[What is needed]
Repeat the listing verbatim. Drop any pictures.

──────── Given records ────────

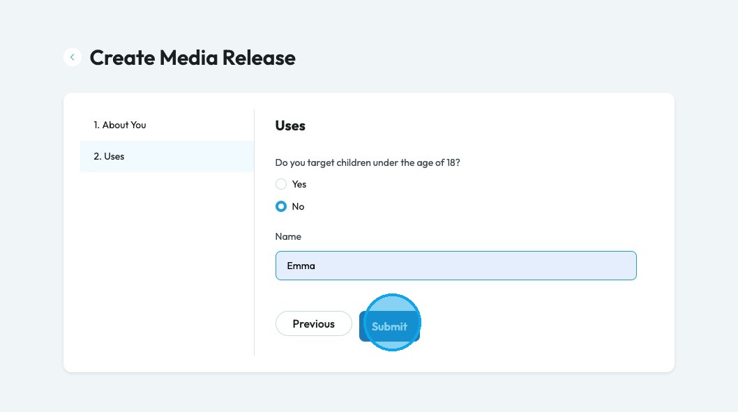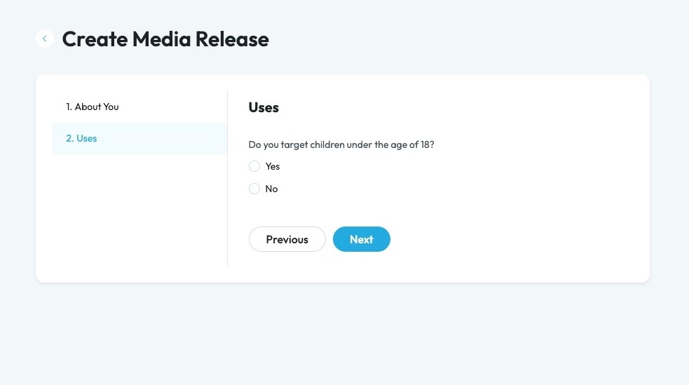 10. Click "Yes" or "No" based on if you target children under the age of 18, meaning that your media release allows you to share media of someone under the age of 18
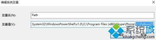 5、在“编辑系统变量”中,变量值的最后添加“;”,并将Python所在的路径添加在分号后边。默认路径的添加值如下:;C:\Python27
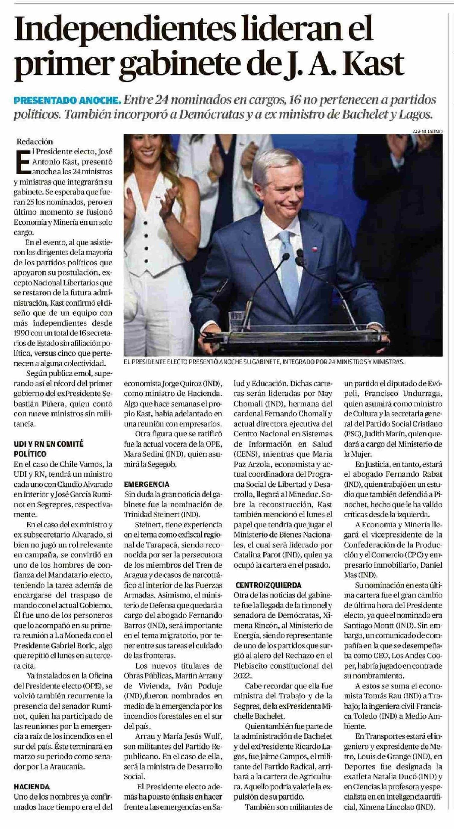 Independientes lideran el primer gabinete de J. A. Kast
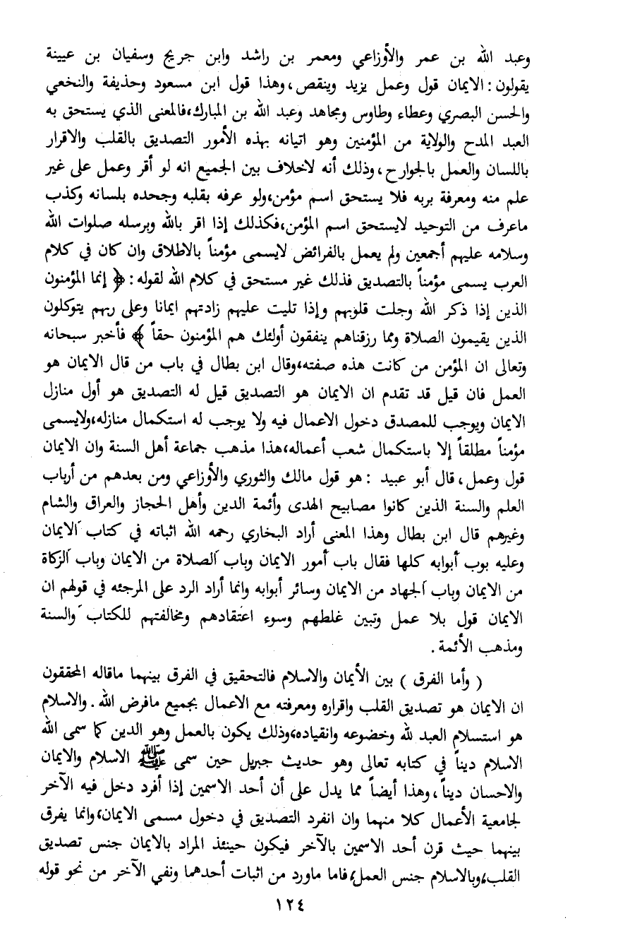 (وأما الفرق) بين الإيمان والإسلام فالتحقيق في الفرق بينهما ما قاله المحققون ان الإيمان هو تصديق القلب وإقراره ومعرفته مع الأعمال بجميع ما فرض الله. والإسلام هو استسلام العبد لله وخضوعه وانقياده، وذلك يكون بالعمل وهو الدين كما سمى الله الإسلام ديناً في كتابه تعالى وهو حديث جبريل حين سمى صلى الله عليه وسلم الإسلام والإيمان والإحسان ديناً، وهذا أيضاً مما يدل على أن أحد الاسمين إذا أفرد دخل فيه الآخر لجامعية الأعمال كلا منهما وان انفرد التصديق في دخول مسمى الإيمان، وإنما يفرق بينهما حيث قرن أحد الاسمين بالآخر فيكون حينئذ المراد بالإيمان جنس تصديق القلب، وبالإسلام جنس العمل، فأما ما ورد من إثبات أحدهما ونفي الآخر من نحو قوله
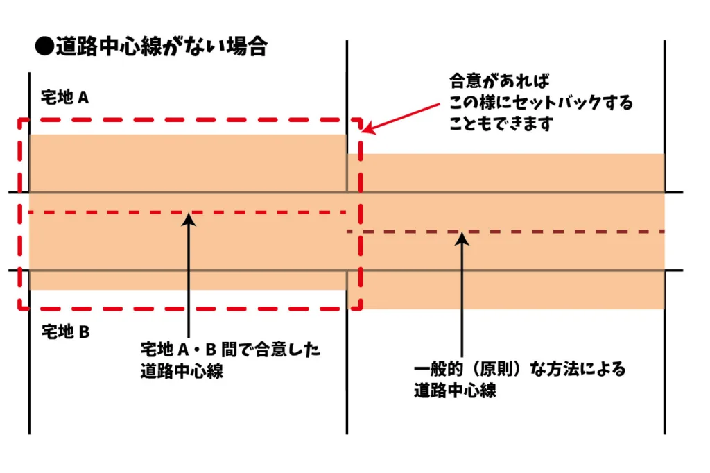 例えば宅地Bの所有者が不動産業者で、原則の通りに道路中心線を設定すると宅地Bが分筆できない場合に、中心線をずらすことで分筆ができる様になる、などが想定されます。セットバックをすると、その道路部分は建物を建てる際の敷地面積に換算されないからです。

────────

[Written response]
 10. Click "Yes" or "No" based on if you target children under the age of 18, meaning that your media release allows you to share media of someone under the age of 18
 5、在“编辑系统变量”中,变量值的最后添加“;”,并将Python所在的路径添加在分号后边。默认路径的添加值如下:;C:\Python27
 Independientes lideran el primer gabinete de J. A. Kast
 (وأما الفرق) بين الإيمان والإسلام فالتحقيق في الفرق بينهما ما قاله المحققون ان الإيمان هو تصديق القلب وإقراره ومعرفته مع الأعمال بجميع ما فرض الله. والإسلام هو استسلام العبد لله وخضوعه وانقياده، وذلك يكون بالعمل وهو الدين كما سمى الله الإسلام ديناً في كتابه تعالى وهو حديث جبريل حين سمى صلى الله عليه وسلم الإسلام والإيمان والإحسان ديناً، وهذا أيضاً مما يدل على أن أحد الاسمين إذا أفرد دخل فيه الآخر لجامعية الأعمال كلا منهما وان انفرد التصديق في دخول مسمى الإيمان، وإنما يفرق بينهما حيث قرن أحد الاسمين بالآخر فيكون حينئذ المراد بالإيمان جنس تصديق القلب، وبالإسلام جنس العمل، فأما ما ورد من إثبات أحدهما ونفي الآخر من نحو قوله
 例えば宅地Bの所有者が不動産業者で、原則の通りに道路中心線を設定すると宅地Bが分筆できない場合に、中心線をずらすことで分筆ができる様になる、などが想定されます。セットバックをすると、その道路部分は建物を建てる際の敷地面積に換算されないからです。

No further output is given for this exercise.